» TASK DESCRIPTION:
Using the entries that follow, state how many lines contain "London", with no other words.

» INFORMATION:
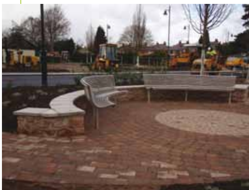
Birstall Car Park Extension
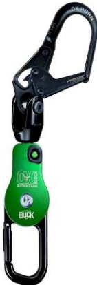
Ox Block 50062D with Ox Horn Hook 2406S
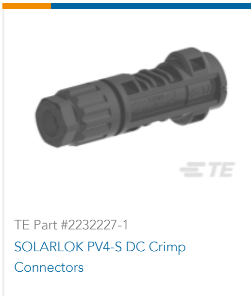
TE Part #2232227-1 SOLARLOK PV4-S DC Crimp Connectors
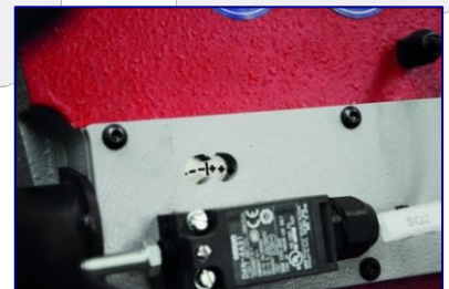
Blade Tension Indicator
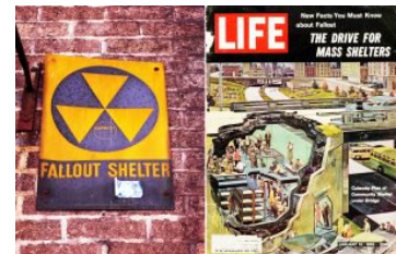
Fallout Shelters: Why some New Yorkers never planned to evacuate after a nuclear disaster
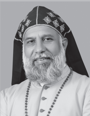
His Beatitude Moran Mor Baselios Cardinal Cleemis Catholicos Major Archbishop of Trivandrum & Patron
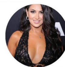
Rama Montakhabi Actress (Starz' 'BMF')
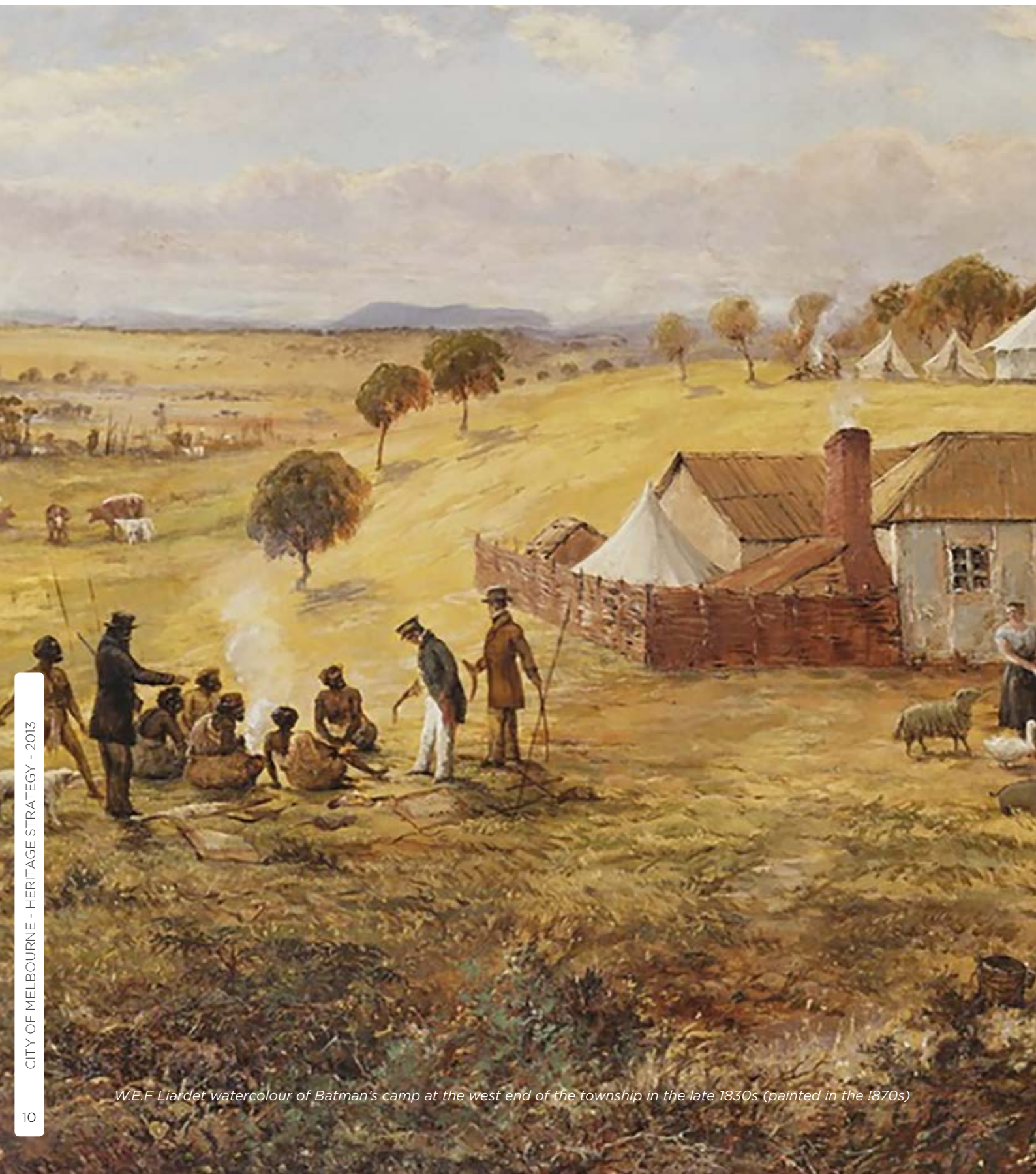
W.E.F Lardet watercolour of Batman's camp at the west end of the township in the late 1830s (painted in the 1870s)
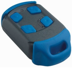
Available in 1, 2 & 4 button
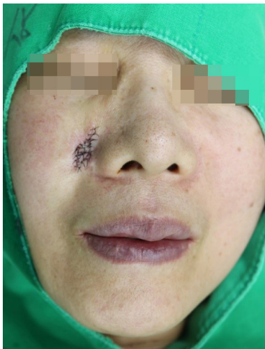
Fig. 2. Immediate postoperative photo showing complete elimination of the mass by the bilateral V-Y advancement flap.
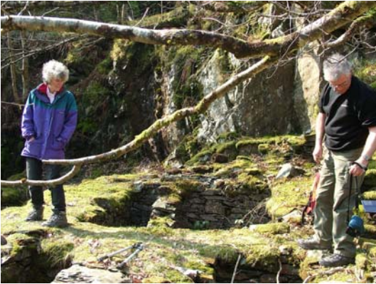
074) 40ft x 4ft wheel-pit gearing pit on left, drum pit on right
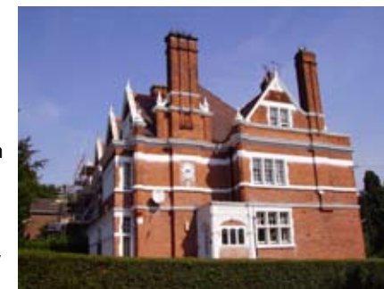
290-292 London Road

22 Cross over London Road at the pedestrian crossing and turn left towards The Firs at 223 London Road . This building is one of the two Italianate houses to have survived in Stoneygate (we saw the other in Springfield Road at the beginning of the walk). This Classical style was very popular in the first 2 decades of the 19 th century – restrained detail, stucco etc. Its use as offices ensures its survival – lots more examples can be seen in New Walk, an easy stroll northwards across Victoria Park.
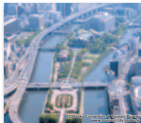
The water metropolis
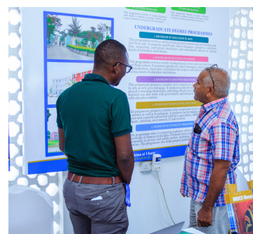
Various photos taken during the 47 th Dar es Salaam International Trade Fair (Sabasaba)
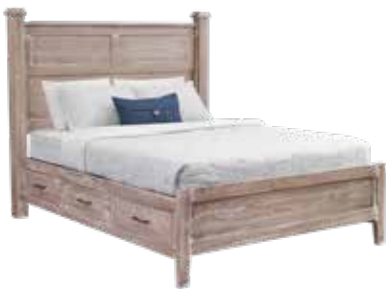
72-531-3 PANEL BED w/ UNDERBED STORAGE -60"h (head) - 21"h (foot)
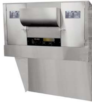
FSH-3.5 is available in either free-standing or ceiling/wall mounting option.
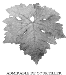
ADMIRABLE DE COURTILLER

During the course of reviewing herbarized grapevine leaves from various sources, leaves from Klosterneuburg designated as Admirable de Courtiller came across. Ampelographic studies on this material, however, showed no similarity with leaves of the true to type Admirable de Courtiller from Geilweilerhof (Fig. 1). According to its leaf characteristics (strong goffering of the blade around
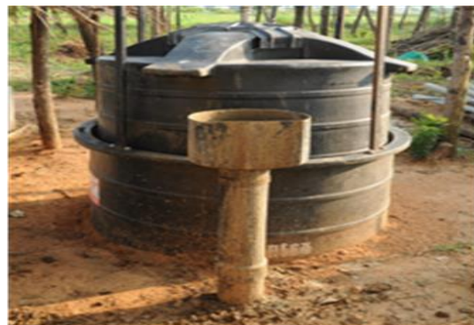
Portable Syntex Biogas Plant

» TASK OUTPUT:
2